RSES is a 10-item, self-reported instrument that measures global self-worth by measuring both positive and negative feelings about the self (40). Items are answered using a 4-point polytomous response scale format ranging from strongly agree to strongly disagree. Items 2, 5, 6, 8, 9 are reverse scored.
The self-reported WEMWBS instrument was developed in the UK to assess mental wellbeing including affective-emotional aspects, cognitive-evaluative dimensions and psychological functioning. It is a 14-item scale with 5 response categories (‘none of the time’, ‘rarely’, ‘some of the time’, ‘often’, ‘all of the time’), with a total score ranging from 14–70. A higher score indicates a higher level of mental wellbeing (41).
Responsiveness
Responsiveness was defined as the ability to capture clinically important changes over time (45). Patients filled out each four scales at both baseline and 9 months, which allowed for an exploration of change in mean scores over time. Responsiveness was assessed in terms of an external approach comparing the extent to which change in a capability measure relates to corresponding change in anchor instruments (46, 47). The analysis of responsiveness started with the definition of 2–4 instruments which could be used as autonomous anchors because they identify change that is unlikely to have arisen by chance (47).

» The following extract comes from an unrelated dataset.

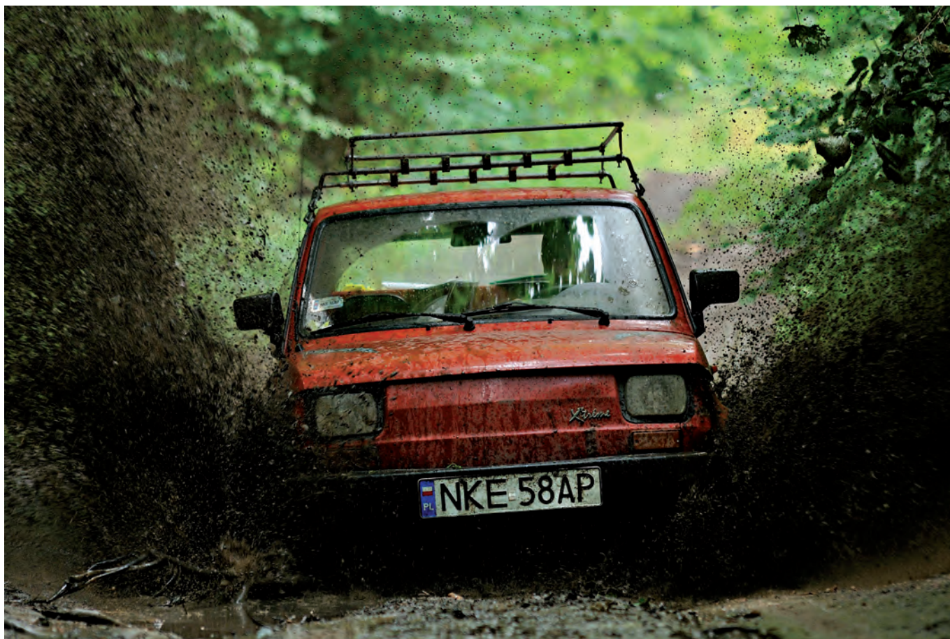
Karol Zalewski: „Off-road podleśniczego”

The level of responsiveness was evaluated by defining groups who worsened, improved or remained stable, based on whether a change in the instrument scores between baseline and 9-month follow-up assessments was measured for individuals by the reference or anchor instruments. The calculation was based on the difference between baseline to 9-month values of standard error of measurement (SEM) using the following formula:\(\)\({S}_{diff}=\sqrt{({SEM}_{1}^{2}+{SEM}_{2}^{2})}\)
SEM was calculated by using the standard deviation (SD) of the instrument multiplied by the square root of one minus its reliability coefficient at baseline and 9 months (11, 48). Internal consistency reliability coefficients were calculated for each scale based on the baseline to 3-month and 6-month to 9-month follow-up scores. More details on the calculation of the difference in SEM values can be found in Appendix 5. There is no consensus about how many SEMs an individual's score must change for that change to be considered clinically meaningful. This paper used the threshold of one SEM, which is known to frequently correspond to a minimally important difference (11, 49). In addition, standardised response mean (SRM) was calculated as the ratio of the mean change, between baseline and 9-month follow-up scores in a single group, to the SD of the change scores (42). Small, moderate and large magnitude of change was indicated by 0.20–0.49, 0.50–0.79 and ≥ 0.80 values of SRM, respectively (33). Next, the percentages of the study respondents who improved, worsened or remained stable according to the capability and anchor questionnaires were calculated to explore changes at the individual patient level (5).